= Joseph W. Greig =

American geochemist and physical chemist, Pennsylvania State University, State College

Joseph W. Greig (1895–1977) was a Canadian-born American geochemist and physical chemist, a pioneer in high temperature phase equilibria and immiscibility investigations of oxides and sulfides. His name has been assigned to a new magnetic mineral, greigite (Fe_{3}S_{4}) discovered in 1963, increasing to nine the number of minerals known to have been named after Queen's geologists.

==Career==
Greig was born in Ontario, Canada in 1895. He studied geology and mineralogy at Queen's University before graduating at Columbia University. He received his Ph.D. from Harvard University and then worked at the Carnegie Institute for thirty-eight years. Once he retired in 1960, he became a visiting professor at Pennsylvania State University. He also served in the World War I with the Canadian Expeditionary Force, and in the second World War with the United States Bomber Command in the Pacific Theatre.

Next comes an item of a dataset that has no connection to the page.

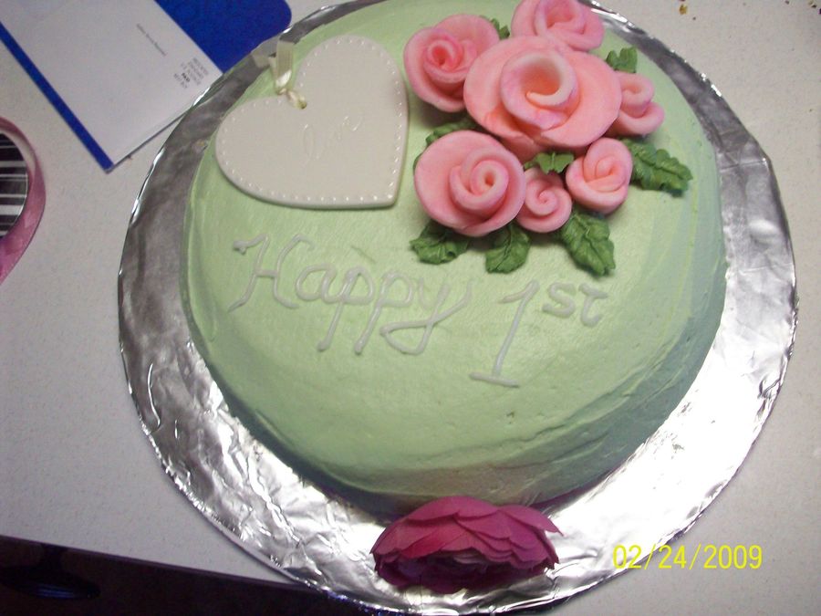 This is a cake I threw together last night in 30 minutes. The cake is marble, with a spicy chocolate ganache filling. My cousin called and asked if I could throw one together, because it was her anniversary. I just used some left-over fondant roses, and some ribbon and a silk flower I already had. I had a lovely ceramic heart that said "love", so I put that on top. I wish I could learn how to do the faux-fondant effect with the buttercream!!
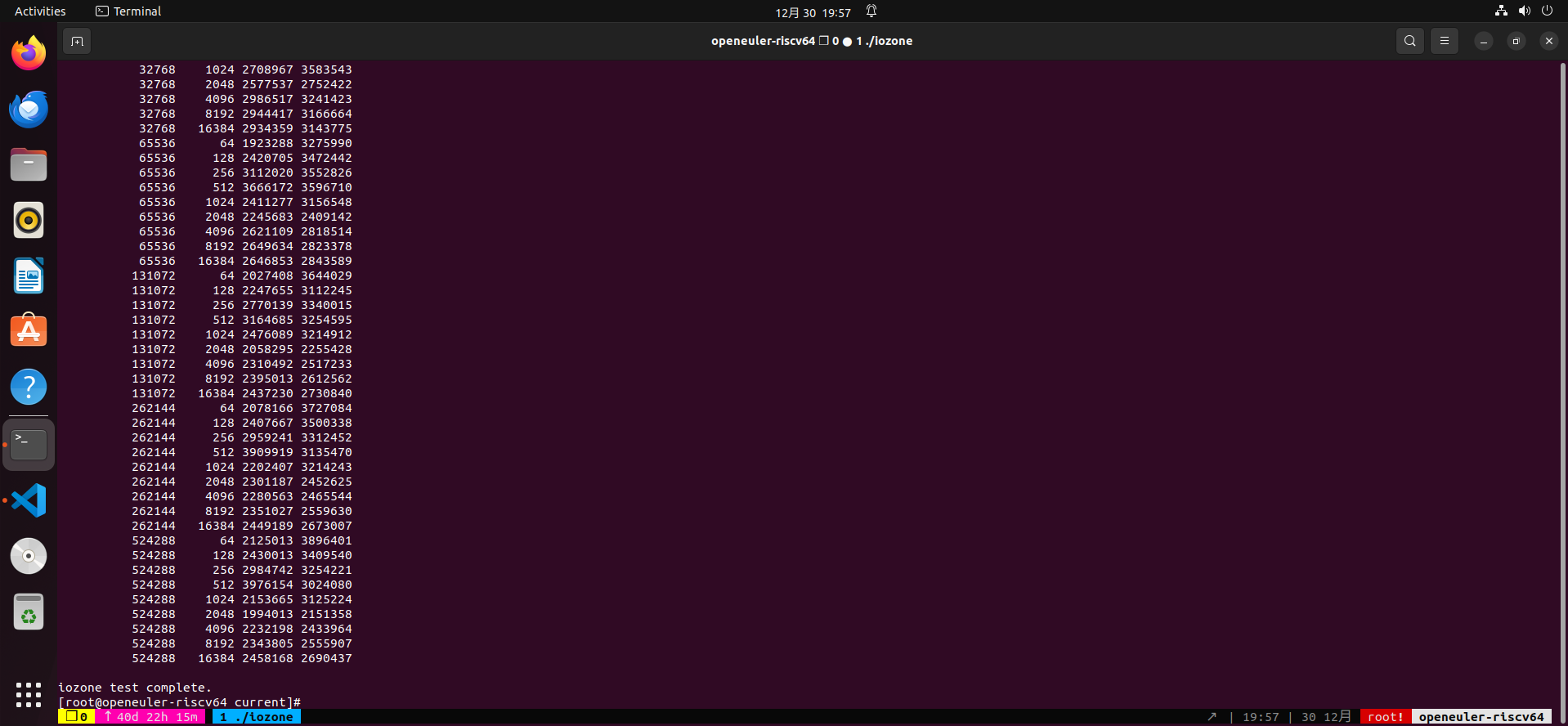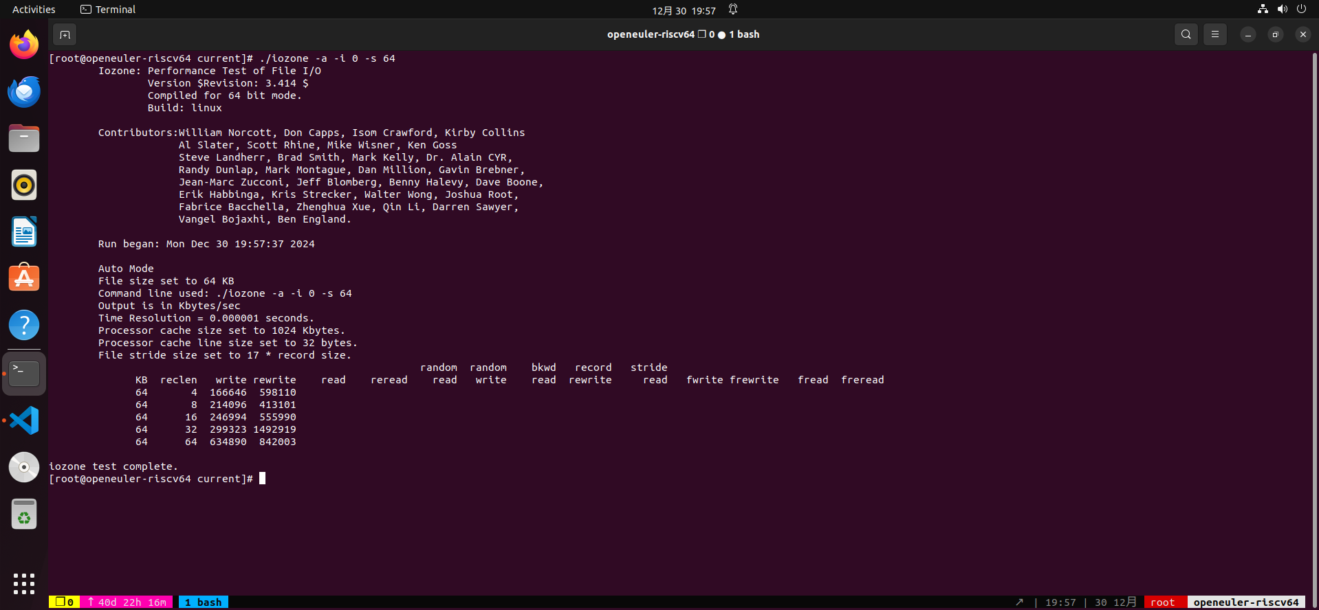 ./iozone -a -i 0 选定某个编号的样例进行测试(-i number)

He was known and appreciated for his critical mind, very helpful for reviewing scientific papers and improving research proposals. As he first applied his criticism to his own works more than to these of others, it was also an obstacle to his publications and many of his works remain unpublished for this reason.

==Greigite (Fe_{3}S_{4})==
In 1963, a newly-discovered mineral was named "greigite" in his honor and in recognition of his contributions to mineralogy and physical chemistry. The new mineral, Fe_{3}S_{4}, a magnetic iron sulfide, equivalent of magnetite (Fe_{3}O_{4}), was discovered in San Bernardino County, California, by the US Geological Survey.